To design such an application we will consider the below:

Functional Requirements
Non-functional Requirements
Capacity planning (Back-of-envelope calculations)
High-level design
Deep dive

Functional Requirements

Below are the functional requirements that the system must address:

Creator requirements: The creators/uploaders should be able to upload any video. The video needs to be made available for all locations. Latency for upload, processing and publishing is acceptable. Once published, the video should have high availability.
Viewer requirements: Viewer should be able to view videos (high availability). Video should be compatible across multiple device types. Must be available for all network speeds. User should be able to search videos. User should have home feed (recommendation engine).

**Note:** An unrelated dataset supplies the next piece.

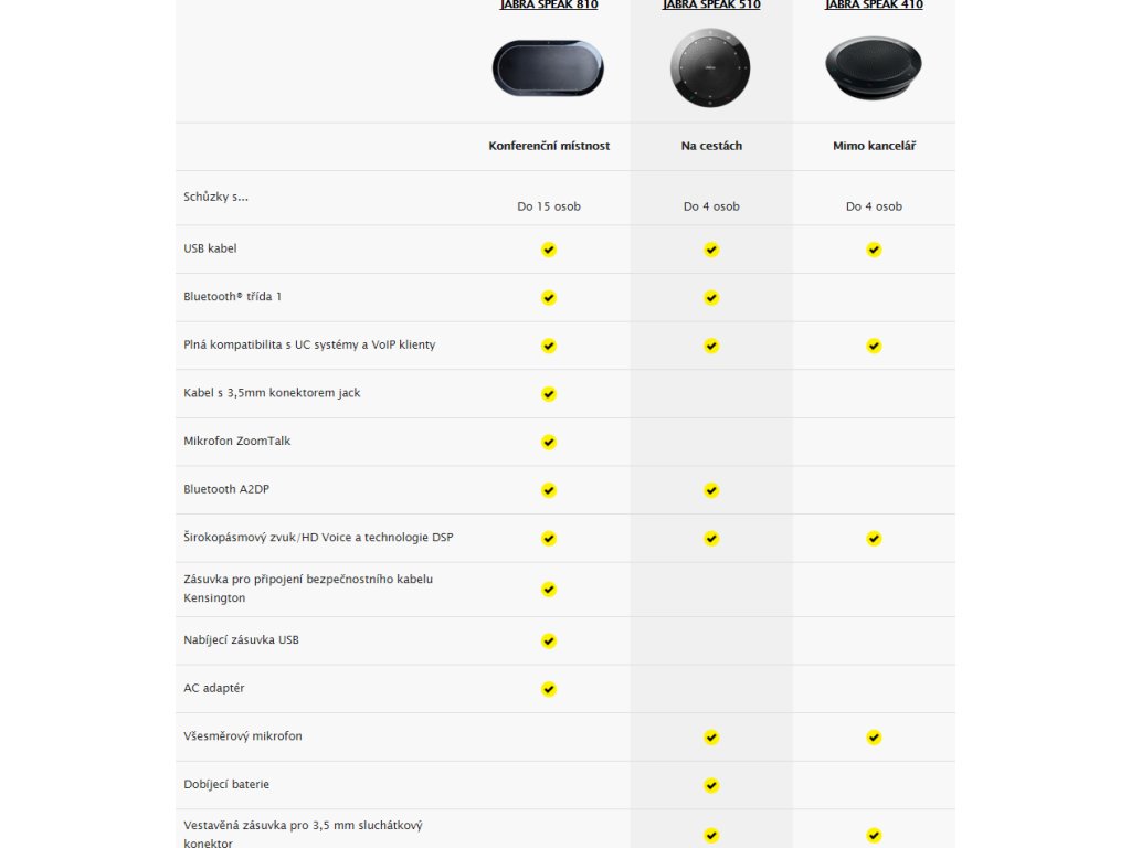 - Jabra SPEAK 510: stejné funkce jako 410, navíc obsahuje Bluetooth pro propojení k tabletu/smartphone

Non-functional Requirements

Let's make the following assumptions:

We will assume we have 100M Daily Active Users (DAU's) using this application.
Read:Write ratio is 100:1. Each user watches 100 videos per day while each creator uploads 1 video per day.
Each video is 500MB in size.
We would retain the data for 10 years.
Video loading should have low latency.
We should be able to scale globally and handle for more user spikes.
System should have high availibility - should never be down for both users and creators.

Capacity Planning (Back-of-envelope calculations)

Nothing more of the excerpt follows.